Der TAGESSPIEGEL, ebenfalls aus Berlin, bemerkt:

"Es ist eine bittere Ironie, dass nun ausgerechnet Janukowitsch dazu verdammt sein wird, den Weg der Revolution fortzuführen. (...) Doch an den Zielen der Revolution wird er in Grundzügen festhalten müssen, dazu hat er sich verpflichtet, daran ist er gebunden. Im Wahlkampf hat er gezeigt, dass er durchsetzungsfähig ist, anders als der Zauderer Juschtschenko."

Im NORDKURIER aus Neubrandenburg ist zu lesen:

"Beide, Juschtschenko als Präsident und Janukowitsch als neuer Regierungschef, stehen nicht für eine homogene Politik, siehe die strittige Frage eines NATO-Beitritts. Weiter getrennt, würden sie sich jedoch blockieren. Indem sie nun den Versuch einer Art friedlicher Koexistenz an der Staatsspitze unternehmen, geben sie Kiew die Chance, die Lähmung der Gesellschaft und der Reformpolitik zu überwinden."

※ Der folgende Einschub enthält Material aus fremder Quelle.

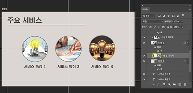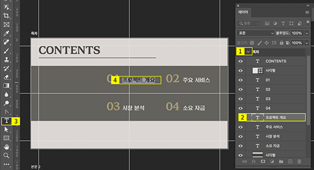 텍스트를 수정하고 싶다면 해당 대지의 그룹을 열고, 레이어를 확인해 보세요. 텍스트 내용과 레이어 이름은 동일하게 설정돼 있어요.

Das MAIN-ECHO aus Aschaffenburg meint hingegen:

"Natürlich reden ukrainische Politiker jetzt von den Zwängen der Demokratie. Ebenso natürlich ist Politik nicht nur in Kiew kein durchweg schönes Geschäft. Dennoch wurden die Hoffnungen von zahllosen Menschen auch im Ausland selten so verhöhnt."

Themenwechsel: Die Europäische Zentralbank hat am Donnerstag den Leitzins um 0,25 Punkte auf 3,0 Prozent erhöht. Mit der vierten Anhebung seit Dezember 2005 soll laut EZB-Chef Claude Trichet der gewachsenen Inflationsgefahr im Euro-Raum begegnet werden.

Der Bonner GENERAL-ANZEIGER hält die Erhöhung des Leitzinses für unproblematisch: "Die Zinsen steigen. Eine ernsthafte Gefahr für die Konjunktur in Europa ist deswegen nicht zu erkennen. Grundsätzlich gehen die Gefahren für die Konjunktur in Deutschland derzeit nicht von Frankfurt, sondern von Berlin aus. Die Bundesregierung hat bisher wenig unternommen, damit sich Wachstum und Beschäftigungsaufbau im kommenden Jahr weiter verstetigen können. Die Zentralbank erhöht die Zinsen vor allem, um Preissteigerungen in den Griff zu bekommen. Doch es ist ja gerade der Staat, der den Bundesbürgern im kommenden Jahr die größte Preistreiberei der Geschichte beschert."

Der NORDBAYERISCHE KURIER aus Bayreuth meint, dass die Zinserhöhung eine verstärkende Wirkung haben wird: "Die steigenden Zinsen knabbern an den Wachstumsprozenten in Deutschland. Die Geldverteuerung, die mit etwa halbjähriger Verzögerung marktwirksam wird, paart sich dann mit einer Reihe zusätzlicher Belastungen für die Verbraucher, wie Mehrwertsteuererhöhung, Kürzung der Pendlerpauschale oder des Sparerfreibetrags, höhere Beiträge für Kranken- und Rentenversicherung. Eine unheilvolle Mischung, die da entsteht und auf die Konjunktur drückt."

Auch die HEILBRONNER STIMME sieht in der EZB-Entscheidung eine Gefahr für die wirtschaftliche Entwicklung:

"Gefährlich ist die Zinspolitik der Zentralbanker dennoch. Die einseitige Konzentration auf stabile Preise verstellt mithin den Blick für die Konjunkturrisiken. Denn der Aufschwung in Euroland ist längst nicht so robust wie die Währungshüter behaupten. Die Binnennachfrage springt gerade erst an, während der Export an Dynamik verliert. Zudem wird sich die Weltwirtschaft im kommenden Jahr abkühlen - wie stark, hängt vor allem vom Ölpreis und der Entwicklung der US-Wirtschaft ab. (...) Die EZB sollte deshalb ganz besonders wachsam sein, wenn sie über den nächsten Zinsschritt nachdenkt."

Der Leitartikler der SÜDWEST PRESSE aus Ulm ist überzeugt, dass die nächste Erhöhung nicht lange auf sich warten lässt:

"Überraschend ist (...), dass EZB-Präsident Claude Trichet bereits jetzt weitere Korrekturen andeutete. Die nächsten Zinsschritte noch in diesem Jahr sind absehbar. Die Zeiten des billigen Geldes scheinen zunächst vorbei."